◆ BRIEF
When you copy the listing, skip the images and return each line verbatim.

◆ INFORMATION PROVIDED
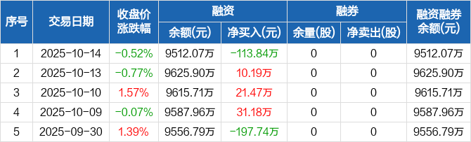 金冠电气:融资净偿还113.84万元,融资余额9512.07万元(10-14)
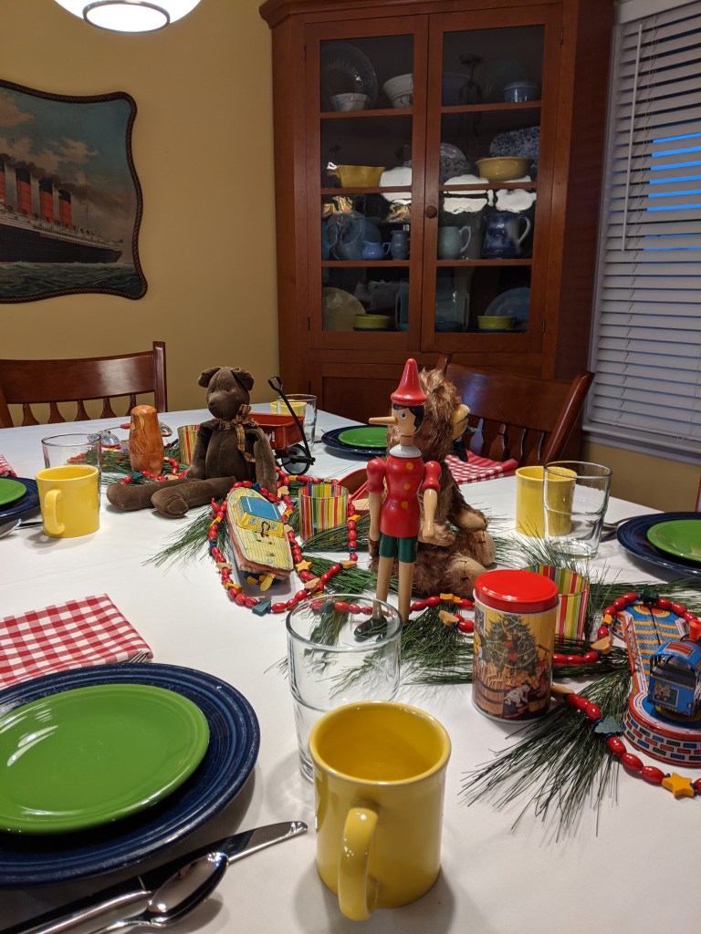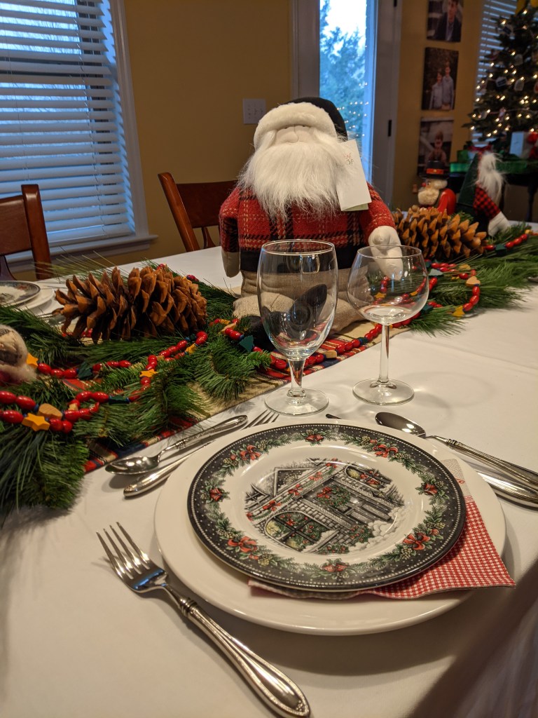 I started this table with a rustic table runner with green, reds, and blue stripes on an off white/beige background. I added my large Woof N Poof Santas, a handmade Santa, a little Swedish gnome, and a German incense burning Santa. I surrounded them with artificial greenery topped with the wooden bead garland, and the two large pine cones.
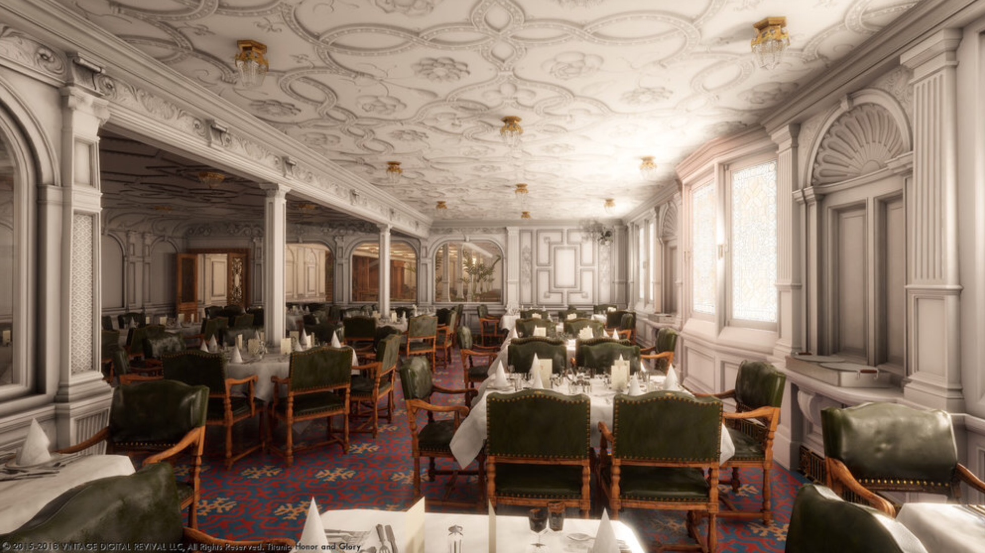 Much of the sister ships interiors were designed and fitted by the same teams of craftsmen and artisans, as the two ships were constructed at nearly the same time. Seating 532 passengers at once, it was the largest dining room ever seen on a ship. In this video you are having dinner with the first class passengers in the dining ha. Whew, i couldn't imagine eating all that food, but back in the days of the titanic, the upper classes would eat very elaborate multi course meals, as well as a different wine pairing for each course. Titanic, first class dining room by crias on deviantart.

◆ EXERCISE ANSWER
 金冠电气:融资净偿还113.84万元,融资余额9512.07万元(10-14)
 I started this table with a rustic table runner with green, reds, and blue stripes on an off white/beige background. I added my large Woof N Poof Santas, a handmade Santa, a little Swedish gnome, and a German incense burning Santa. I surrounded them with artificial greenery topped with the wooden bead garland, and the two large pine cones.
 Much of the sister ships interiors were designed and fitted by the same teams of craftsmen and artisans, as the two ships were constructed at nearly the same time. Seating 532 passengers at once, it was the largest dining room ever seen on a ship. In this video you are having dinner with the first class passengers in the dining ha. Whew, i couldn't imagine eating all that food, but back in the days of the titanic, the upper classes would eat very elaborate multi course meals, as well as a different wine pairing for each course. Titanic, first class dining room by crias on deviantart.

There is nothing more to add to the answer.